What to work on
Lines from the opening of the material through the line containing "The MP, while" must be duplicated word for word. Pictures are not.

Supplied information
:::::

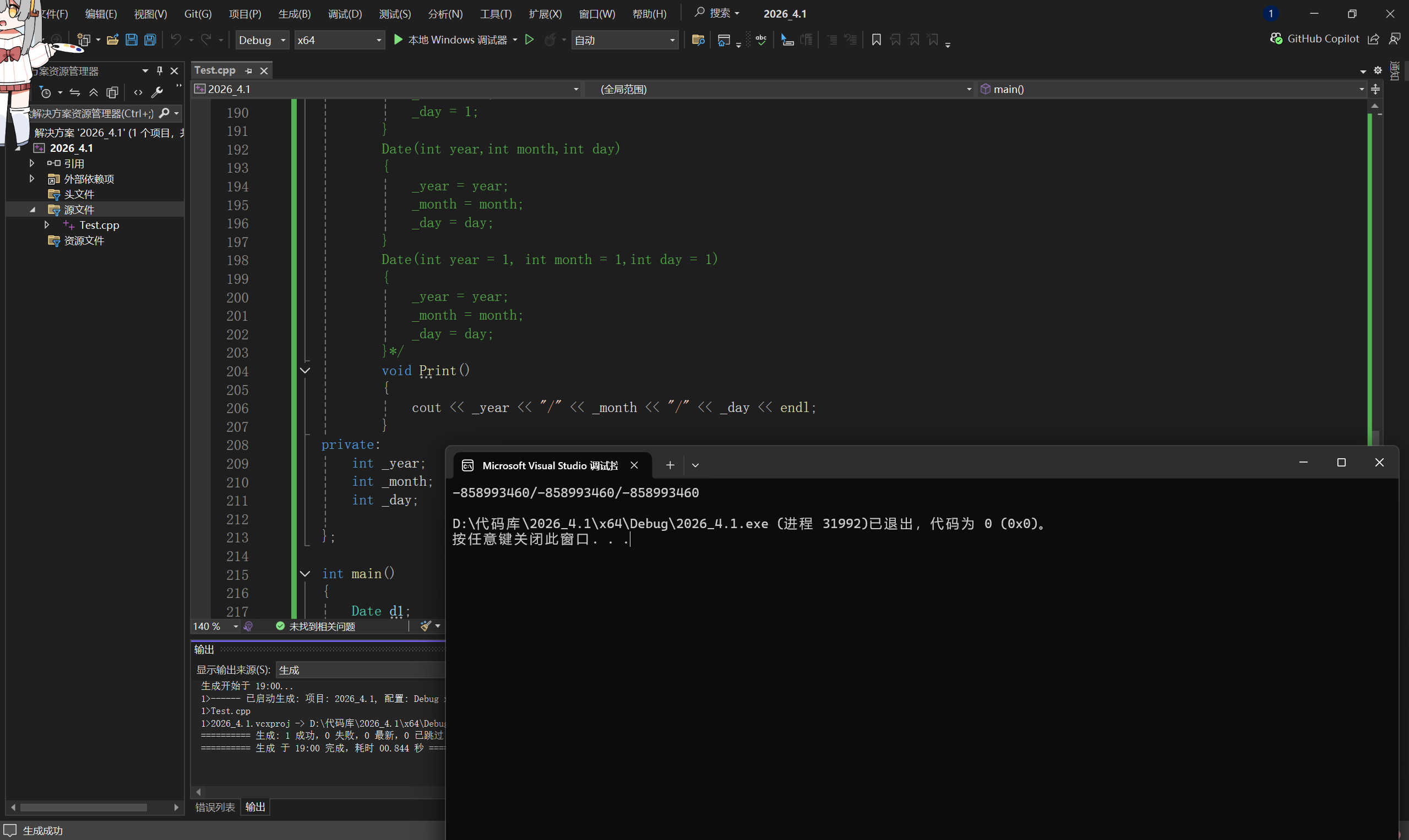 // 编译报错:error C2512:"Date":没有合适的默认构造函数可用
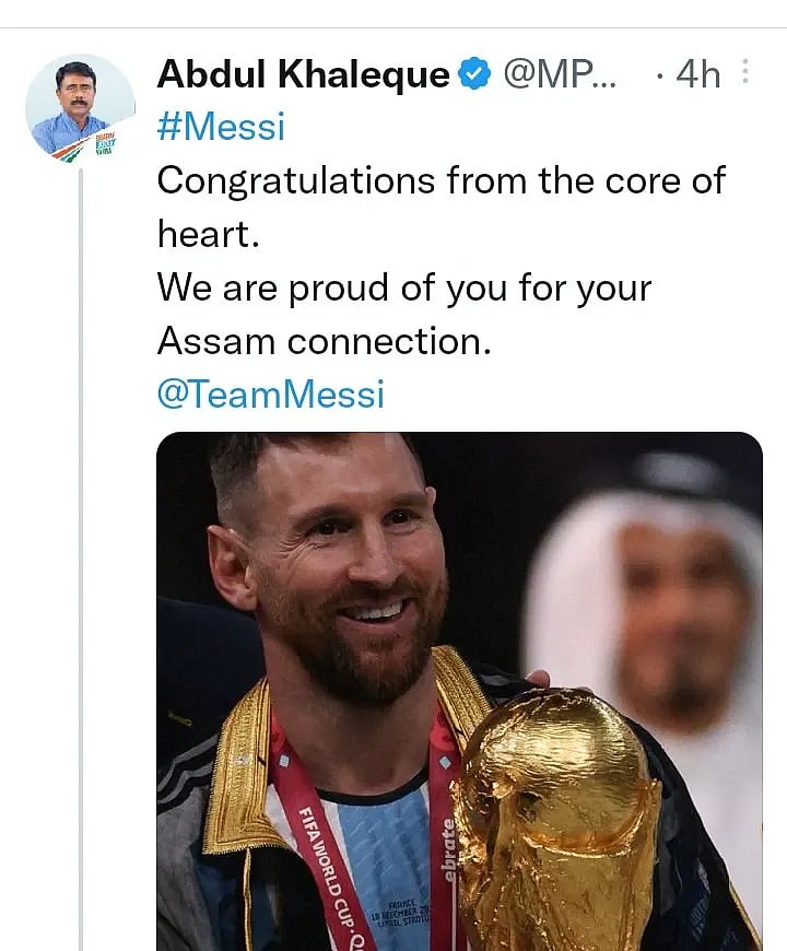 The MP, while congratulating Messi for Argentina's win at the Qatar World Cup on Twitter, wrote, “Congratulations from the core of my heart. We are proud of you for your Assam Connection.” (sic)
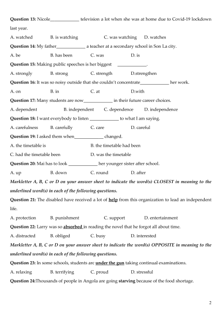 Question 13: Nicole_____________ television a lot when she was at home due to Covid-19 lockdown last year. A. watched B. is watching C. was watching D. watches
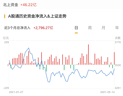 北上资金今日净流入46.22亿元,上周五为净流入超117亿元。

:::::

Exercise output
 // 编译报错:error C2512:"Date":没有合适的默认构造函数可用
 The MP, while congratulating Messi for Argentina's win at the Qatar World Cup on Twitter, wrote, “Congratulations from the core of my heart. We are proud of you for your Assam Connection.” (sic)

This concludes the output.